Accelerate your implementation.

  • Technology leaders need to assess the technical feasibility and the business value of AI initiatives before they make a significant investment.
  • They need to show not only that AI use cases can work as intended but also that they will yield tangible business benefits to secure support for a larger pilot or implementation.
  • Leaders face time constraints to demonstrate the viability and benefits of AI use cases. If the assessment takes too long, it could lead to funding delays or missed opportunities.

Our Advice

Critical Insight

Identify relevant capabilities to support your AI use case, and streamline your vendor selection process to find the right implementation partner.

Impact and Result

  • Identify relevant capabilities to support the AI use cases you identified.
  • Validate AI use cases against business requirements.
  • Identify vendors to support AI use cases, devise a vendor selection model, and select products for review.
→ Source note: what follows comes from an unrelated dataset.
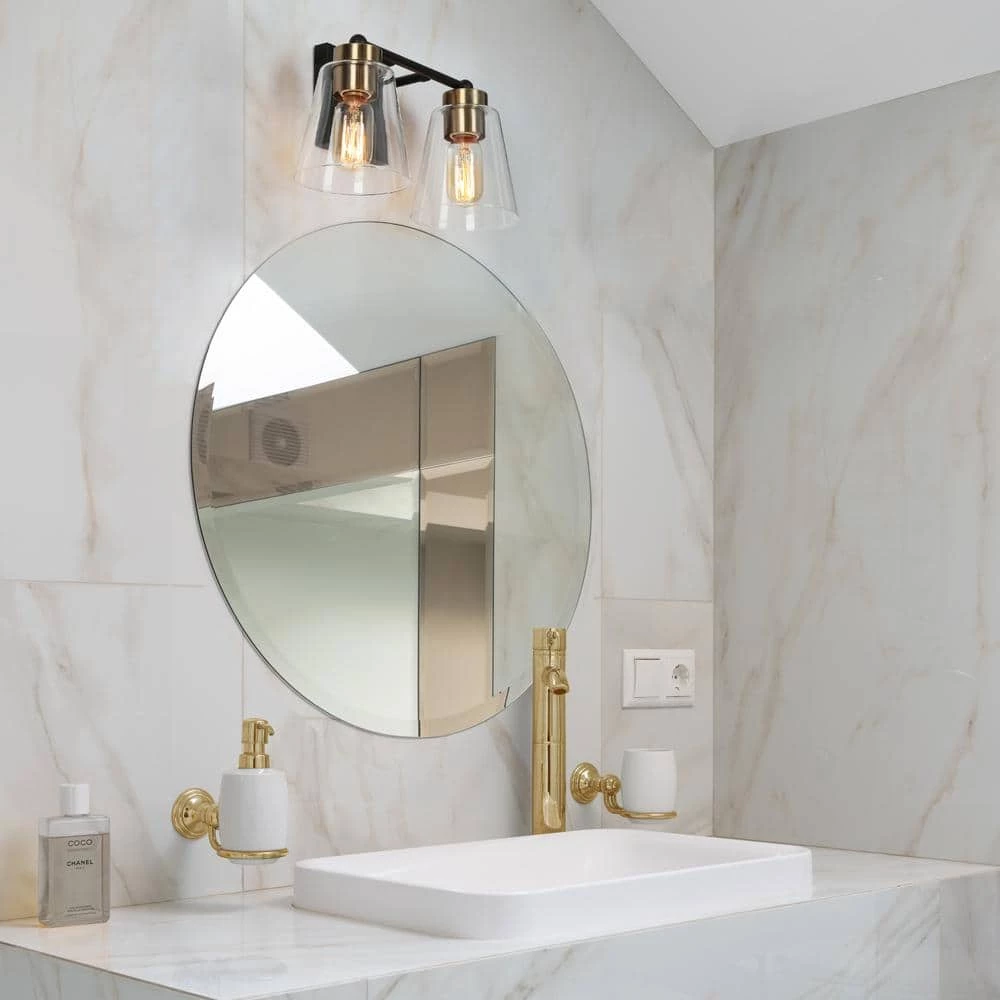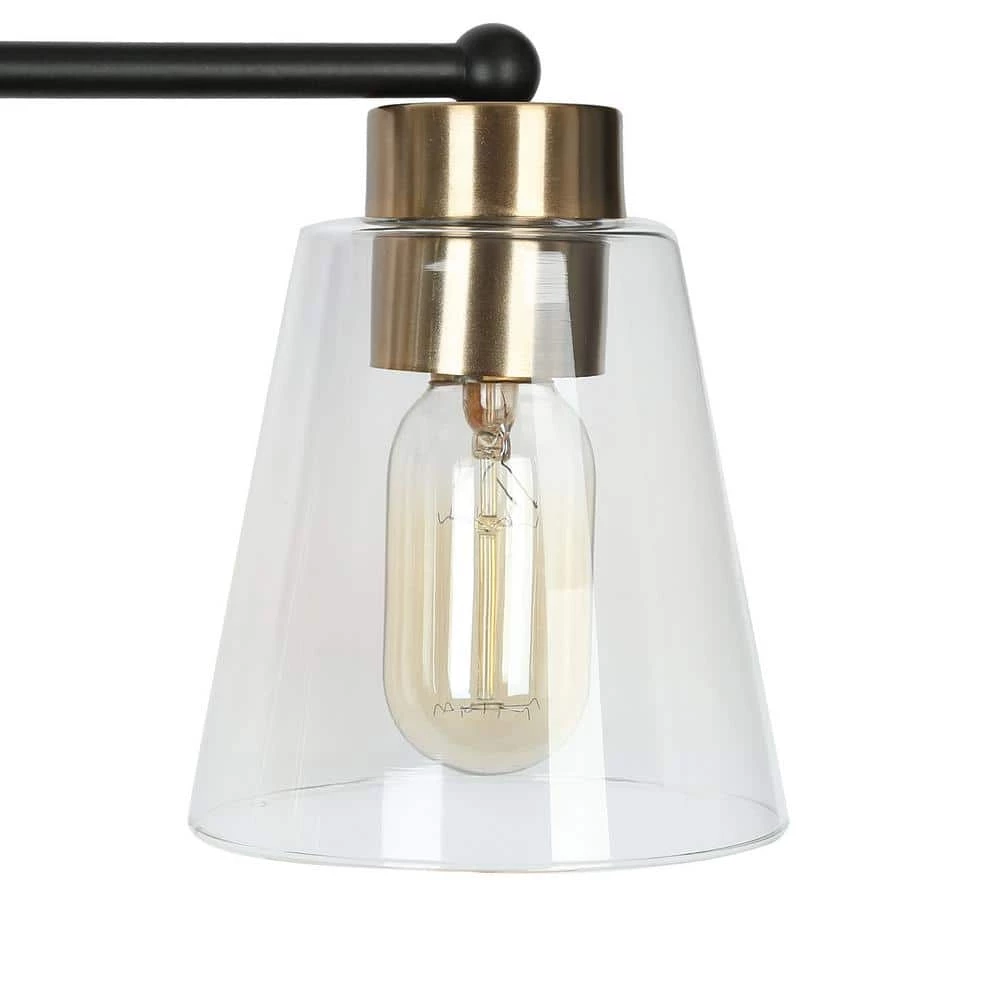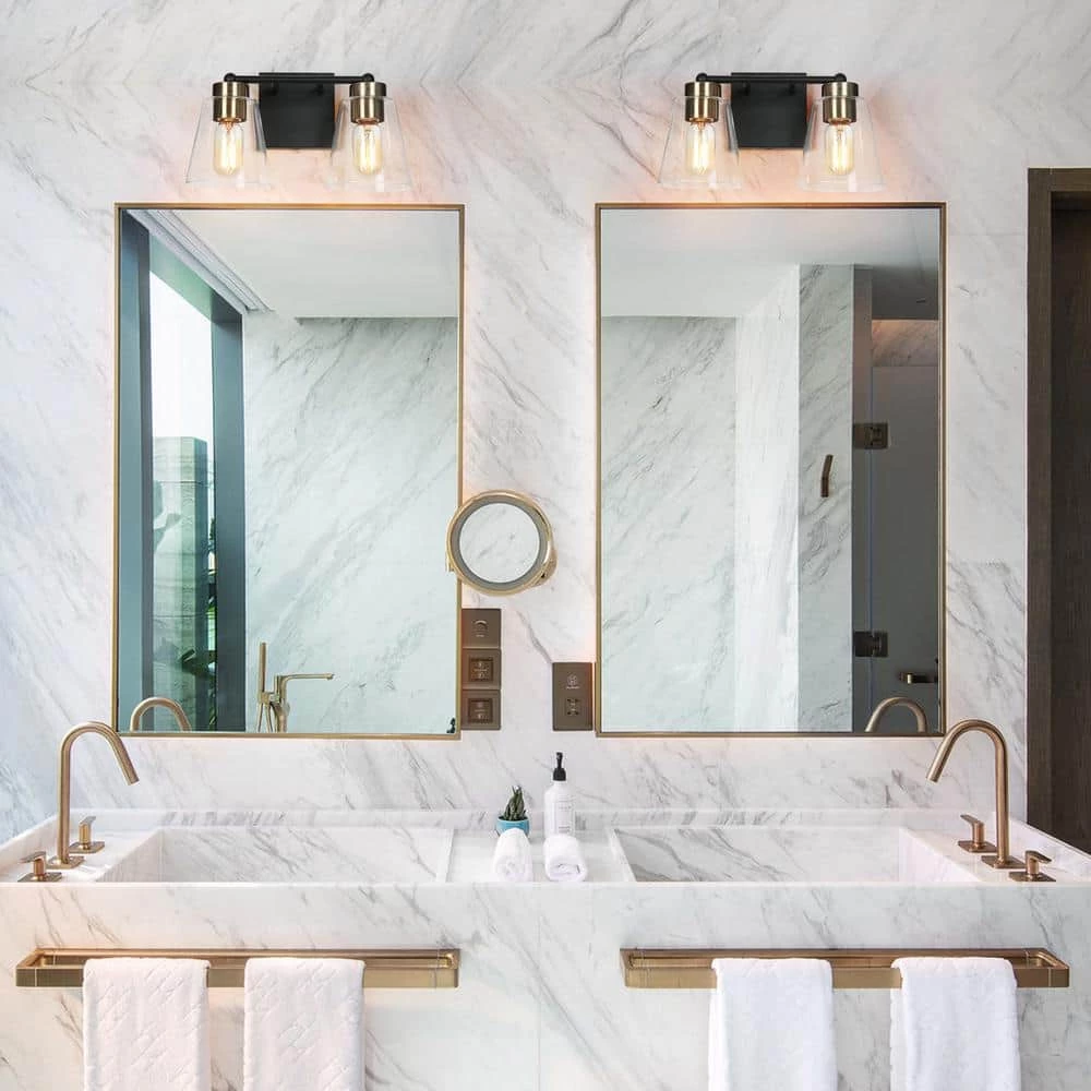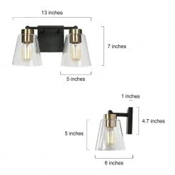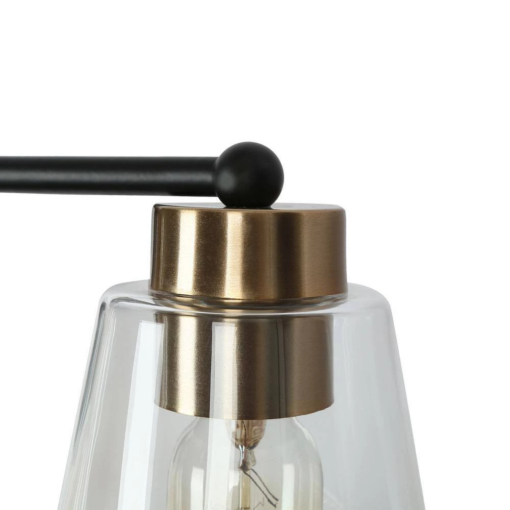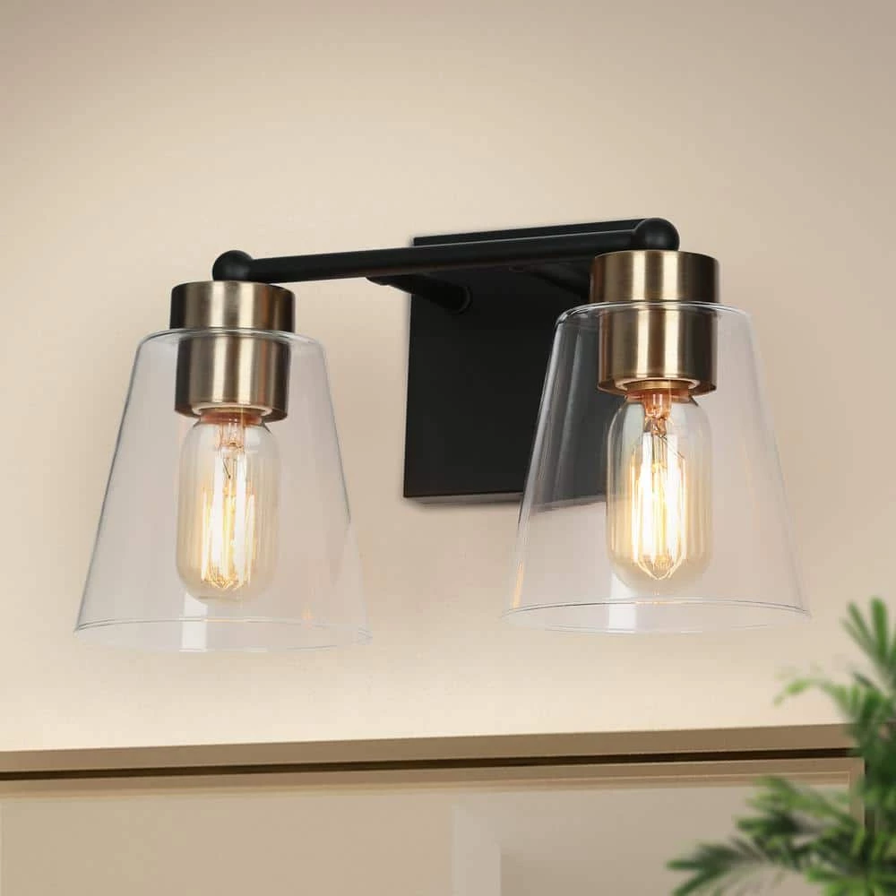 A shiny yet vintage look brings new modernity to your home decoration. This black indoor wall sconce will complement any house style well. with a highly polished brass and vintage black finish, the 2-light vanity light blends modern, industrial and classic elements, working as both functional and decorative lighting fixtures to highlight your bathroom, powder room, hallway, entryway, staircase and pair with mirrors or artworks. The slender black metal bar and bright gold lamp holders with cone clear glass shades present a simple and understated delicacy.

Launch Your AI Proof of Concept Research & Tools

1. Launch Your AI Proof of Concept Deck – A step-by-step guide that walks you through how to select vendors to support your AI use case.

Use this storyboard to identify relevant capabilities to support your AI use case, validate AI use cases against business requirements and identify vendors to support it.

2. AI Proof of Concept Workbook – A workbook to guide IT leaders and practitioners as they scope, evaluate, and plan a proof of value for an AI initiative within their organization.

Use this tool to scope, evaluate, and plan a proof of concept for your AI initiative.

3. Vendor Selection Tools – Two Excel tools that structure the vendor data collection and selection process, and an AI Vendor Interview Script to help you make the most of AI vendor conversations.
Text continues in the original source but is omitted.